Мы через маленькую дверь попадаем в большое помещение, которое наполнено гигантской массой подсолнечных семечек.

- Вы должны были все это сдавать государству, все эти семечки? – спрашиваю я старика.

- Государству? Нет. Их нужно было привозить на сборный пункт для приема.

- Это одно и то же.

- Нет, не сдавали государству. Мы привозили их на пункт приема, – повторил старик.

- Вам за это платили?

– Конечно.

Старик рассказывает, что в этот год был прекрасный урожай подсолнечных семечек. И уборка урожая зерновых тоже хорошо началась. – Но с этой неразберихой, – говорит он, – с этой войной (сначала он говорит по-русски «война», потом добавляет по-румынски «razboiu») – для нас придет беда, если мы не сможем продавать урожай. Коммунисты покупали все у нас, – говорит он.

- Вы наверняка найдете покупателя как до сих пор, – говорю я.

- Как до сих пор? И кого же?

- Вы доставите масляные семечки и зерно на пункт приема, и они вам заплатят за них.

- На советский пункт приема?

- Нет, на немецкий.

- Ах, у вас тоже есть такие пункты приема?

- Естественно.

Старик смотрит вопросительно, вертит шапку в руках, он хотел бы спрашивать дальше, но по нему видно, что он не решается на это.

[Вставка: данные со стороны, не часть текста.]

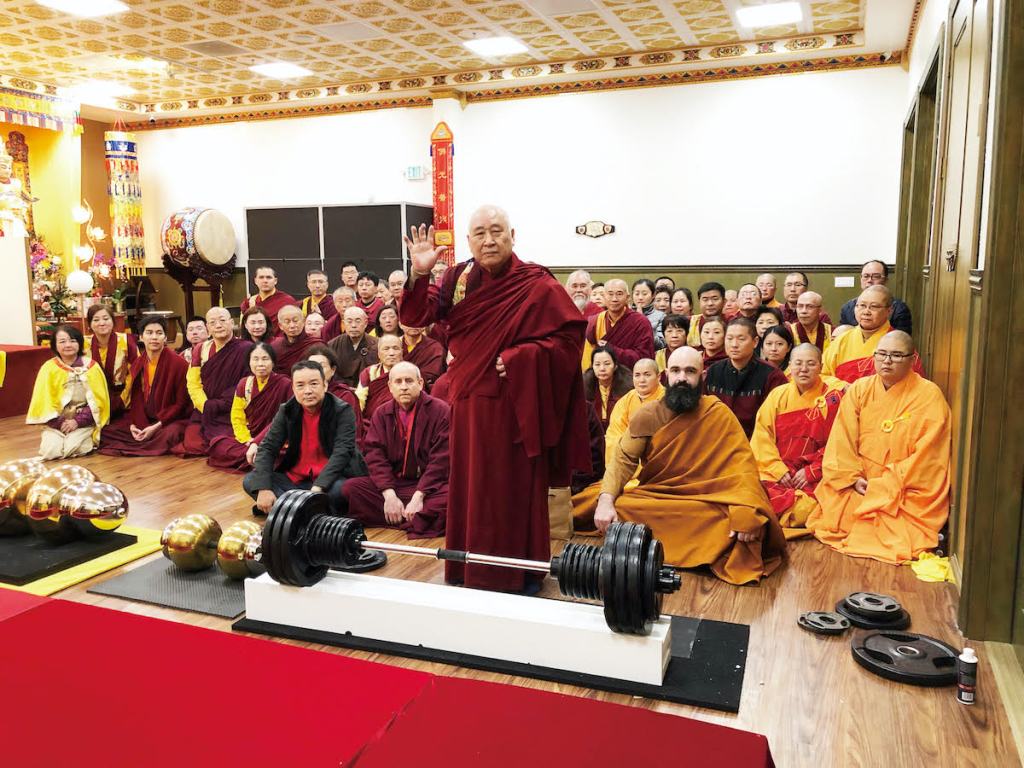 華府新聞日報:拿杵上座法會 高僧們出難題 羌佛解難單手提懸420磅金剛杵 2020年報導 2020年02月24日
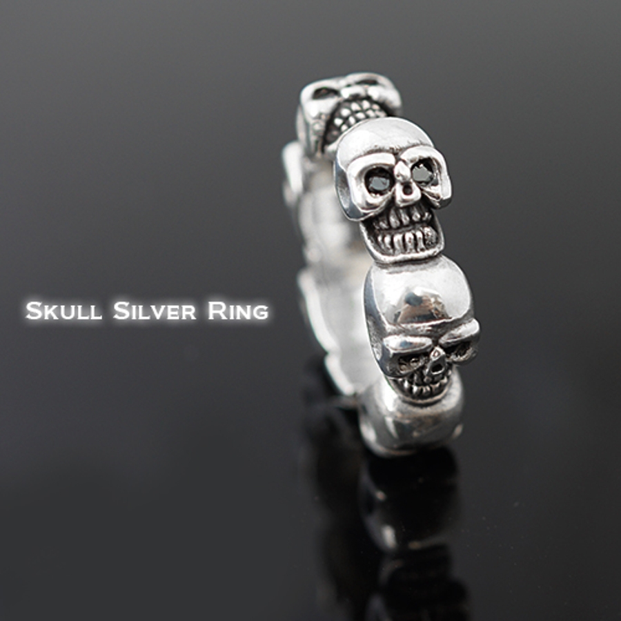 ROCKな定番アイテム スカルヘッドが一周したリング 抜群の存在感と重量感

- Сколько у вас лошадей? – спрашиваю я его. Он отвечает, что у них в целом в хозяйстве было пятнадцать лошадей. Лучшие получили большевики. Девять остались ему. Мы пересекаем двор и вступаем в большую конюшню. В яслях стоят семь лошадей. В углу конюшни свален свежий корм: гора травы, зеленого зерна и клевера. Это худые маленькие лошади, растрепанные, с впалыми боками. Меня удивляет, что при таком изобилии кормов в этой местности все лошади здесь в таком плохом состоянии. – Это такая порода, она ни к чему не годится, – говорит старик. Мы идем назад через двор и входим в сарай с сельскохозяйственными машинами. Две молотилки, четыре или пять косилок, я думаю, и трактор. У стены поставлены в ряд канистры с керосином, бензином и машинным маслом. Прежде всего, косилки, как я замечаю, в плохом состоянии. – Да, – говорит мне старик, – отдать их в ремонт или хотя бы купить запчасти к мотору было тяжело и длилось долго. Мы должны были ждать, пока приедут механики из колхоза. Но в колхозе Шофрынканы никогда не было механика. Он должен был приезжать из Кишинева, иногда даже из Балты. Если приезжали в Шофрынканы, то нам говорили: завтра, приезжайте завтра, и вот так машины пришли в негодность. Он качает головой и чешет короткую жесткую белую бороду. – Машины принадлежат вам?

- Молотилки принадлежат колхозу. Мы получаем их только в аренду. Мы должны передавать их дальше в аренду другим дворам, когда жатва. Другие машины принадлежат двору.